The group was one of many set up by the YHA after WW2, and unlike many of its contemporaries it has continued to thrive and is currently very active. Curiously, one table was occupied by folk who claimed to have joined the club in 1952, some 63 years ago. This minor ‘discrepancy’ was glossed over, though I noticed a few askew glances from folk wondering whether the party had been hijacked by the inmates of a nearby old people’s home!
It got me thinking about my own youth hostelling experiences. On at least two occasions, at Westerdale and at Glenbrittle, I was arriving with groups but the warden wouldn’t be there. “The key is under the mat – make yourselves at home – if you can make it through the snow.”

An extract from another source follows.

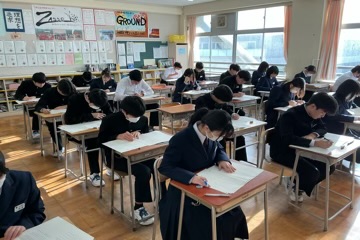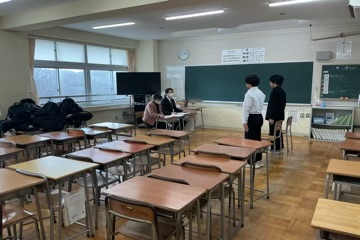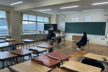 人権作文では、身近な出来事を通して人権について深く考えた作品が評価され、受賞者が紹介されました。また、英語検定では、見事に合格を果たした生徒たちの代表者が表彰されました。全校生徒からは、努力を積み重ねてきた生徒たちに、温かい拍手が送られました。生徒たちはそれぞれの決意を胸に、落ち着いた表情で新学期の第一日を迎えていました。 【面接練習】 進路に向けて、3年生は私立高校入試の面接練習に取り組んでいます。

In those days there were fewer hostel staff and guests always had to carry out a duty. The header image shows Jim and Howard carrying out their duty at Stockinish Hostel on Harris (NG 135 910). The hostel, open between 1965 and 1998, was an old school. When we visited in September 1968, on my first trip to Scotland, there was no sophisticated sanitation. We pooed into a bucket, which was emptied into Loch Stocanais. I wonder whether the locals still have to do that?
Here’s the hostel.
And here’s Howard (RIP) with the Austin Devon estate car that hauled us around Scotland that September. It managed about 40 miles a day before requiring some sort of TLC. It’s pictured in 1969, on the day it was taken to the knacker’s yard, outside our rented house in Drury Street, Levenshulme, a ‘two up, two down’ with a small kitchen tacked onto the living/dining room. No bathroom or indoor toilet – just a tap in the kitchen and a toilet outside in the yard.
We used to take our showers in the Students Union at UMIST – a wonderful place that also had a great refectory, if you didn’t choose to eat chicken biryani at the Plaza Café on Upper Brook Street.

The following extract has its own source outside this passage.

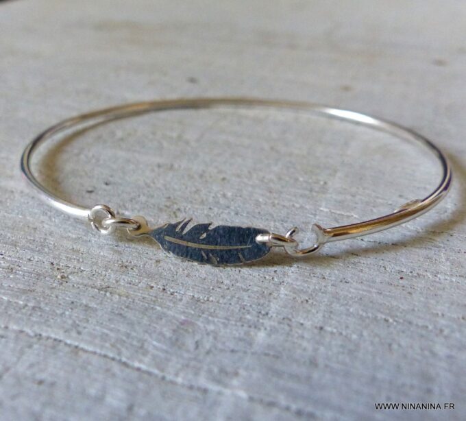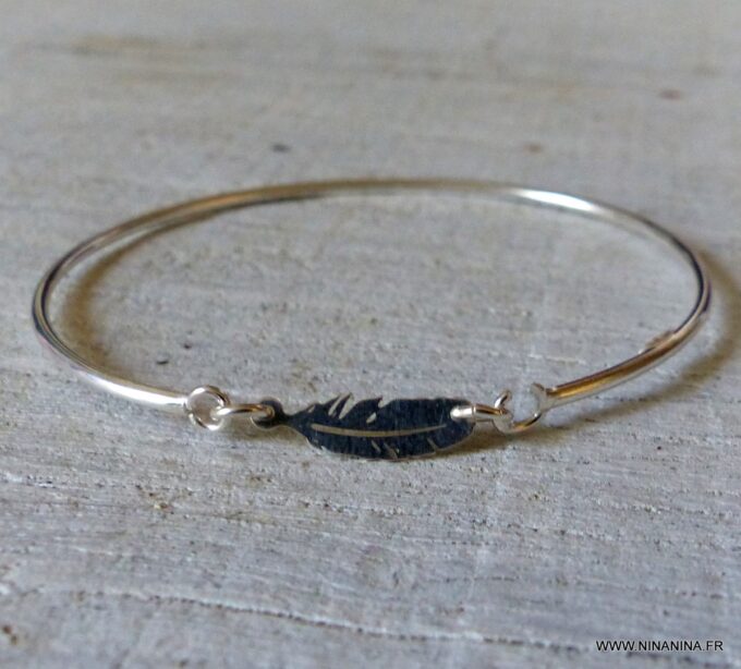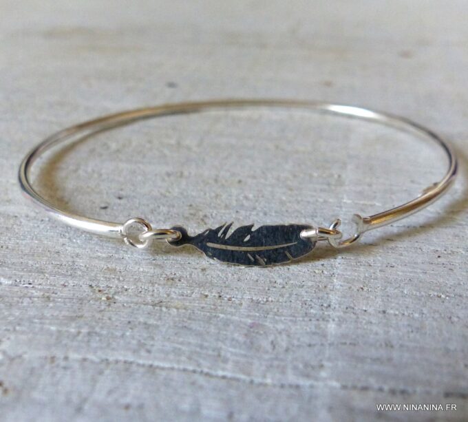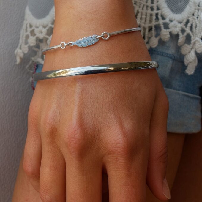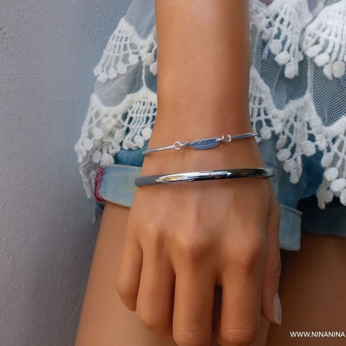 Ce bracelet plume argent se porte seul pour une allure délicate, ou accompagné d’autres joncs et bracelets argent Ninanina pour un look moderne et superposé.

Many of us travelled by bicycle in those days (some things don’t change), picking up unclaimed bikes from the police when ours were either stolen or ‘died’. I remember a long walk to a bike shop one day when my bike’s front wheel’s spokes decided to call it a day. Buckled wheels from hitting kerbs at speed, usually at night with dubious lights, were a common occurrence.
That’s all for now. I’ve emptied the loft and have a house full of boxes (rubbish, memorabilia, photos, toys, etc etc) to ‘process’.